Nota: le dimensioni del mercato e le cifre previste in questo rapporto sono generate utilizzando il framework di stima proprietario di Mordor Intelligence, aggiornato con i dati e le informazioni più recenti disponibili a gennaio 2026.
Tendenze e approfondimenti sul mercato globale dell'agricoltura rigenerativa
Analisi dell'impatto dei conducenti
| Guidatore | (~) % Impatto sulla previsione del CAGR | Rilevanza geografica | Cronologia dell'impatto |
|---|---|---|---|
| Crescente domanda dei consumatori per alimenti sostenibili | + 3.2% | Globale, più forte in Nord America e nell'UE | Medio termine (2-4 anni) |
| Impegni aziendali e catene di fornitura a zero emissioni di carbonio | + 4.1% | Globale, concentrato nelle catene del valore multinazionali | A breve termine (≤2 anni) |
| Incentivi governativi per le pratiche di salute del suolo | + 2.8% | Nord America e UE, emergenti nell'Asia-Pacifico | Medio termine (2-4 anni) |
| Pressione sulla mitigazione e l’adattamento ai cambiamenti climatici | + 2.4% | Globale, acuto nelle regioni vulnerabili al clima | A lungo termine (≥4 anni) |
| Monetizzazione dei terreni a duplice uso Agri-PV | + 1.6% | Europa e Nord America, espandendosi nell'area Asia-Pacifico | A lungo termine (≥4 anni) |
| Mercati dei crediti di carbonio tokenizzati | + 1.4% | Globale, guidato dai mercati sviluppati | Medio termine (2-4 anni) |
| Fonte: Intelligenza di Mordor | |||
Crescente domanda di cibo sostenibile da parte dei consumatori
La disponibilità dei consumatori a pagare prezzi più elevati per ingredienti provenienti da fonti responsabili si è spostata dai rivenditori di nicchia alle catene tradizionali, spingendo il 63% delle aziende alimentari intervistate a menzionare l'agricoltura rigenerativa nelle roadmap pubbliche per la sostenibilità. Nestlé SA da sola ha impegnato 1.2 miliardi di franchi svizzeri (1.49 miliardi di dollari) entro il 2025 per approvvigionarsi di metà delle materie prime prioritarie da aziende agricole rigenerative entro il 2030, orientando i team di approvvigionamento verso fornitori con risultati verificabili in termini di salute del suolo.[1]Nestlé SA, “Nestlé accelera l’agricoltura rigenerativa”, nestle.comQuesto nuovo fattore di attrazione premia i coltivatori che riescono a documentare i benefici ecologici insieme ai volumi di raccolto, aumentando la visibilità dei cereali e del bestiame a impatto positivo sul carbonio. Man mano che i proprietari di marchi trasformano i parametri ambientali in etichette a scaffale, le pratiche rigenerative si spostano da una nicchia a valore aggiunto a un'aspettativa di mercato di base, offrendo alle regioni che adottano per prime un vantaggio competitivo. Per i coltivatori, la certezza della domanda legata ai contratti premium riduce i cicli di ammortamento e riduce il rischio di esborsi di capitale per programmi di colture di copertura o di lavorazione ridotta.
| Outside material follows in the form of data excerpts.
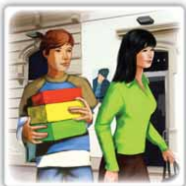
a fare spese insieme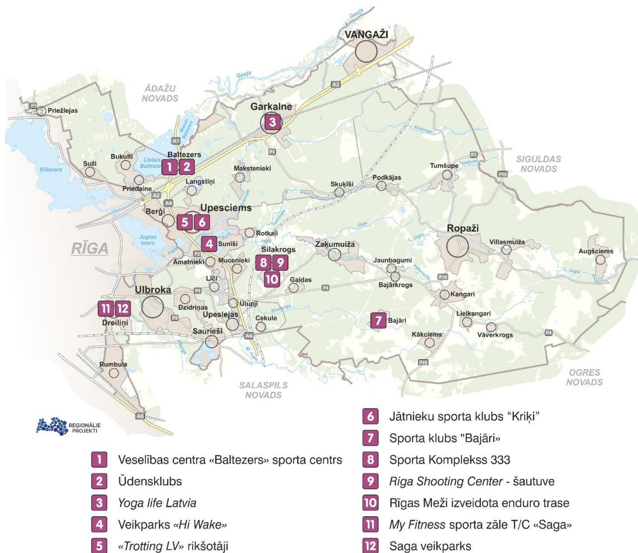
Attēls 6. Privātā sporta un aktīvās atpūtas infrastruktūra

Privātās atpūtas infrastruktūra piedāvājums papildina Pašvaldības veidoto infrastruktūru, tādējādi iedzīvotājiem ir iespējas nodarboties ar jāšanu, kalnu slēpošanu, auto – moto sportu, paintbolu, veikbordū u.tml.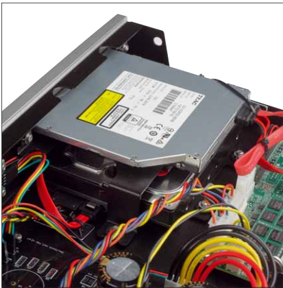
Die Festplatte unter dem CD-Laufwerk kann jetzt mit bis zu 8 TB Speicherplatz geordert werden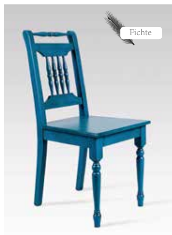
ALINA 1431 B/H/T 43x90x54 Abbildung: scubablau lackiert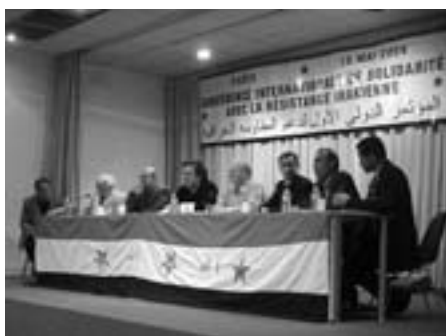
Fra konferencen i Paris

Konferencen solidariserer sig med det irakiske folks modstand i alle dens retninger og kræver besættelsesmagtens øjeblikkelige tilbagetrækning, genoprettelse af det irakiske folks uafhængighed og dets nationale suverænitæt, garanti for respekt for alle dets rettigheder, annullering af alle beslutninger truffet af besættelsesmagten samt erstatning for de øko-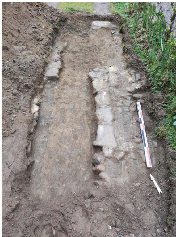
Sondage 3, rue du faubourg de la Varenne.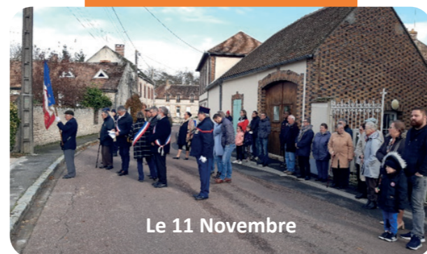
Le 11 Novembre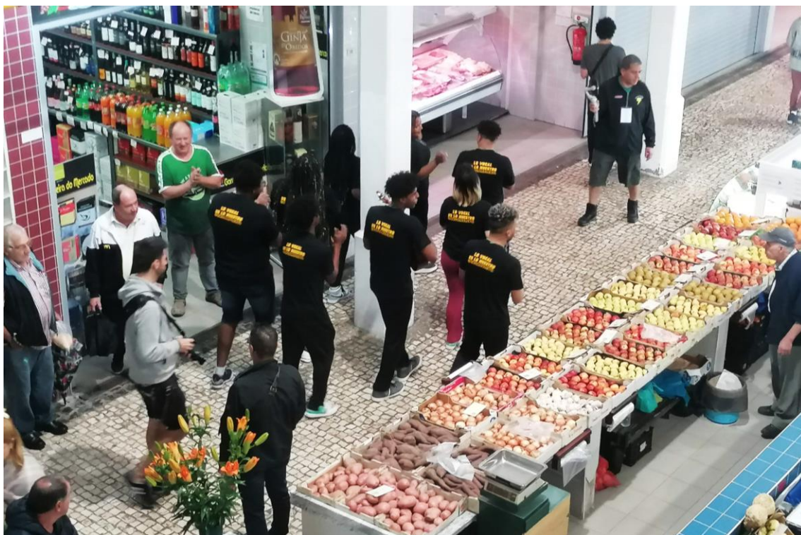
Actuación musical en el Mercado do Livramento durante las Jornadas.

En el panel, se destacó que es necesario sustituir el término “gasto” en cultura por inversión en cultura . También se señaló la importancia de los trabajos que se están desarrollando desde Ibercultura Viva para elaborar indicadores culturales sobre desarrollo económico, social y humano, puesto que son clave para la elaboración de cualquier política cultural y proceso de planificación estratégica en cultura.

Impegni aziendali e catene di fornitura a zero emissioni di carbonio
Le multinazionali del settore alimentare e delle bevande si sono impegnate collettivamente a trasferire milioni di acri, creando rigidi incentivi all'approvvigionamento che si ripercuotono a cascata sui diversi livelli di fornitura. PepsiCo punta a 7 milioni di acri, con un finanziamento di 216 milioni di dollari, mentre Mars collabora con gli aggregatori di cereali per trasferire 1 milione di acri entro il 2030. Poiché alcuni coltivatori forniscono più marchi, gli obblighi basati sulla superficie si propagano rapidamente, moltiplicando la domanda di servizi per la salute del suolo e di verifica digitale. I rigidi cicli di rendicontazione imposti dai team ESG (ambientali, sociali e di governance) aziendali generano incentivi economici a breve termine, stimolando il mercato dell'agricoltura rigenerativa durante la finestra di previsione. Fondi aziendali dedicati finanziano anche i costi di transizione, riducendo la barriera all'accesso al credito che ne blocca l'adozione nei tradizionali regimi di sussidi.
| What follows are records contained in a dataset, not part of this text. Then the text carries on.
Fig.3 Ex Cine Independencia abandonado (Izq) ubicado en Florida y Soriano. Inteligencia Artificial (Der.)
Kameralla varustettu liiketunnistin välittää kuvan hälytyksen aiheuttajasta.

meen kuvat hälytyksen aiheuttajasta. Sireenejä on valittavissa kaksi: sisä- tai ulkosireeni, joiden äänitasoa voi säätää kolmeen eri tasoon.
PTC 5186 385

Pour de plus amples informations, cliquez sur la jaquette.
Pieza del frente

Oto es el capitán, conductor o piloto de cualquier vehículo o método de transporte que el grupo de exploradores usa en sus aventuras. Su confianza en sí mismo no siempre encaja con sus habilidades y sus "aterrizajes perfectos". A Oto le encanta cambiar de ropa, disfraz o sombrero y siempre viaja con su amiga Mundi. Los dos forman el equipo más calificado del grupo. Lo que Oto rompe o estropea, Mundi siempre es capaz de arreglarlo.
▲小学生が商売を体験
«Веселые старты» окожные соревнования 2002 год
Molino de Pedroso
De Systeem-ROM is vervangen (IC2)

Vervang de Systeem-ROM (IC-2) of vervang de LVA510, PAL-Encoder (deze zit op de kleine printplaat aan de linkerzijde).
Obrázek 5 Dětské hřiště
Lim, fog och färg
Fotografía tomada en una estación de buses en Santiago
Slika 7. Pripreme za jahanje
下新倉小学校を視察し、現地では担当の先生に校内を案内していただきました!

Incentivi governativi per pratiche di salute del suolo
Il programma "Partnership for Climate-Smart Commodities" dell'USDA, del valore di 3.1 miliardi di dollari, sposta i pagamenti federali da strutture basate sulla pratica a strutture basate sui risultati, premiando i miglioramenti verificati nella qualità del carbonio nel suolo e dell'acqua. In Europa, il 25% dei pagamenti diretti della Politica Agricola Comune confluisce ora in schemi ecologici allineati a parametri rigenerativi, mentre il 40% del bilancio complessivo ha una rilevanza climatica esplicita. La Danimarca abbina la tassazione del metano prodotto dal bestiame al supporto alle aziende agricole, segnalando un passaggio verso pacchetti completi per l'agricoltura e il clima. Questi cambiamenti politici colmano il divario di entrate che gli agricoltori devono affrontare durante i periodi di transizione pluriennali, stimolando l'aggiornamento delle attrezzature e ampliando i mercati della consulenza. Gli incentivi pubblici legati ai risultati aumentano inoltre la fiducia degli investitori nei progetti relativi al carbonio nel suolo, ancorando i prezzi minimi per il tonnellaggio verificato.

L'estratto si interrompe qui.